E Vanessa? Vanessa assistia
televisão. Ria e chorava do que ali assistia, projetando-se em cada personagem
fictício que traz à tona cada um de nós, como se o autor da obra tivesse se
espelhado nela. Reconhecia-se a partir do cenário e viajava de uma ponta a
outra na estrada da fantasia. Seus sonhos estavam ali... partidos e
reinventados por alguém tão estranho e tão familiar.
E eu fiquei pensando... Cada uma
daquelas milhares de pessoas pelas quais passamos diariamente, seja na rua,
seja nas redes sociais ou em qualquer lugar, carrega uma história que
determinou seu modo de agir e de ser meio a tantas outras histórias.
Ah! E aquele Josué brigão? Aquele
que se levanta da cama disposto a discutir até mesmo com sua própria imagem
refletida no espelho. Aquele Josué chato, dos grupos de WhatsApp, que só clica para gerar polêmica ou discordar do que seja?
Postaram.
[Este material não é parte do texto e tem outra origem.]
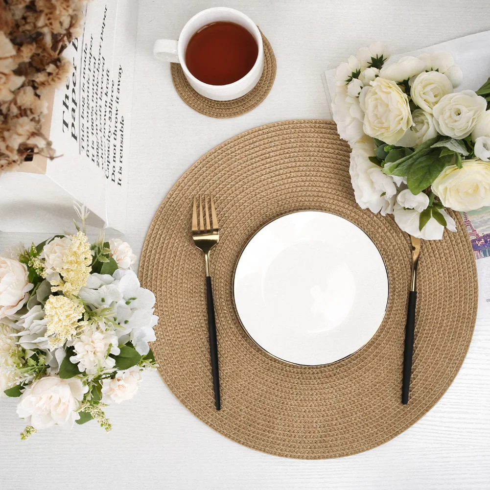 Manteles individuales trenzados redondos de 6 piezas y posavasos trenzados redondos de 6 piezas

Comentou, Josué. Fala qualquer merda e não se importa nem com o que
fala e nem com o que retrucam. Quer mesmo falar e nem precisa ser escutado,
porque a escuta que precisa é a de si mesmo, mas para esta não está preparado. E
essa, minha gente, como é difícil!! Sente-se muito feliz por ver que retrucam,
sente-se importante, pois pelo menos alguém está falando com ele. Buzina na
rua, xinga o trocador do ônibus, fecha cara para a atendente da padaria e
desafia qualquer pessoa que esteja em condição supostamente melhor que a sua.
Respeito? Jamais. Desconhece o que seja respeito. Nunca ouviu falar. Jamais
seus pais lhe disseram que era para se colocar no lugar do outro para saber o
que deveria ou não lhe dizer. Não aprendeu o que é compaixão. Não se importa
com ninguém, pois aprendeu em todas as mídias, e, diga-se de passagem, que, em
casa também, que deve se amar em primeiro lugar, que ele é o príncipe da titia
e da vovó, que reina diante do papai e da mamãe que se mataram para
sustentá-lo. Ele entendeu ao pé da letra que deve se amar em primeiro lugar.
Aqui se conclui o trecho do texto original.